The IHC was addressing an appeal challenging Special Court Judge Abual Hasnat Mohammad Zulqarnain’s Dec 14 decision, which had sanctioned a closed-door trial for former prime minister Imran Khan at the prosecution’s request.

This directive also involved orders to the Pakistan Telecommunication Authority and the Pakistan Electronic Media Regulatory Authority to prevent any reporting on the court’s proceedings.

Judge Hasnat had justified the in-camera proceedings under Section 14 of the Official Secrets Act, citing the need to “protect the sanctity of the cipher” — a confidential communication between Pakistan’s foreign missions and the Foreign Office — and the “sanctity of the state”.

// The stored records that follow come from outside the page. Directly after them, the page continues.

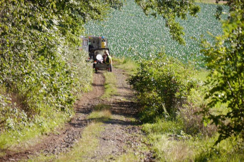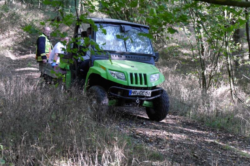 Hier erfolgte dann eine Umlagerung auf die Ladefläche des Quads und vorsichtig erfolgte die Fahrt zum Rettungswagen. Die weitere Behandlung erfolgte dann in einem Kassler Krankenhaus.
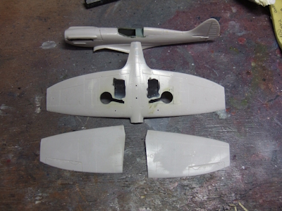 (写真2) 魅惑の無武装バージョンの翼、Dウィング。パネルラインが全然違うのであちこちスジ彫り埋めたり彫ったりしろ、などと取説に書いてある。フジミの得意技でありますなぁ。基本このキットMkⅩⅣだし結構メンドイ。純粋なDウィングのキットが欲しくなるよね。
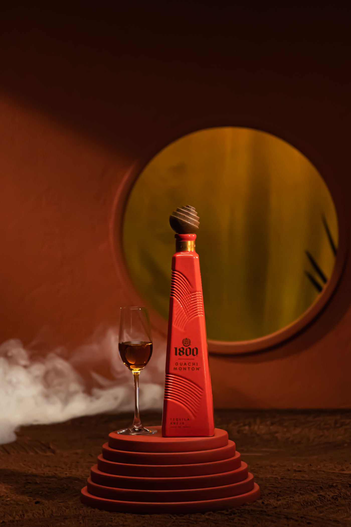 Debido a esta fascinante historia, la nueva edición especial de Tequila 1800 Guachimontón busca rendir homenaje a esta civilización con una botella que destaca tanto en sabor como en su presentación, donde además busca reconocer el dominio del cultivo y el uso de la arcilla, tierra que vio nacer sus pirámides y que hoy en día alimenta a los agaves. Es por ello que en su botella sobresalen relieves que hacen alusión a los monumentos cilíndricos de aquella población y que reflejan los ciclos del tiempo y su color rojo representa la arcilla de los suelos volcánicos.
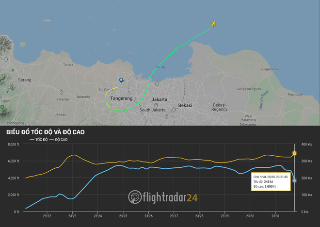 Chỉ 13 phút kể từ khi chiếc máy bay chở 189 người cất cánh rồi lao xuống biển quả thực là 1 tai nạn khiến ai cũng phải bất ngờ. Tuy nhiên mọi việc bất thường dường như chỉ xảy ra ở 2 phút cuối của chiếc máy bay này. Hiện mọi công tác cứu hộ vẫn đang được khẩn trương thực hiện. Theo Flightradar24, dữ liệu cuối cùng ghi nhận lúc 6h31 (2 phút trước khi JT-610 biến mất khỏi radar) cho thấy máy bay giảm độ cao đột ngột.

Attorney General Mansoor Usman Awan acknowledged that since Dec 14, a total of 13 witnesses had given statements, with three undergoing cross-examination. He told the court that these witnesses’ state­ments would be recorded afresh.

Mr Awan admitted that the trial proceedings from Dec 14 to 21 were not open to the public. He also conceded that the Dec 14 order was legally unsustainable, stating no objection to its nullification and confirming that the prosecution did not intend to request in-camera proceedings in the future.

Justice Aurangzeb observed that since the Dec 14 order for declaring the in-camera proceeding had not been recalled by the trial court, the court could not validate the statements recorded behind closed doors.

Subsequently, the court set aside the special court’s order and declared the subsequent proceedings as illegal.

Plea seeking media access

Meanwhile, IHC Chief Justice Aamer Farooq sought a response from the superintendent of Adiala Jail and the Attorney General Office on a petition seeking access for the court reporters to witness the jail trial of former prime minister Imran Khan.

The petition, filed by a court reporter, said the jail authorities denied him access to witness the court proceeding even though the IHC has repeatedly observed that the jail proceeding was not in-camera.

The reporter’s counsel, Barrister Umer Ijaz Gillani, told the court that denying access to witness the cases related to a former prime minister was contradictory to Article 19 of the Constitution and Section 352 of the Criminal Procedure Code.

He said jail authorities were whimsically applying the discretion, depriving millions of people of their right to know the truth.

Justice Farooq issued notices to the respondent authorities and set the next hearing for Jan 15.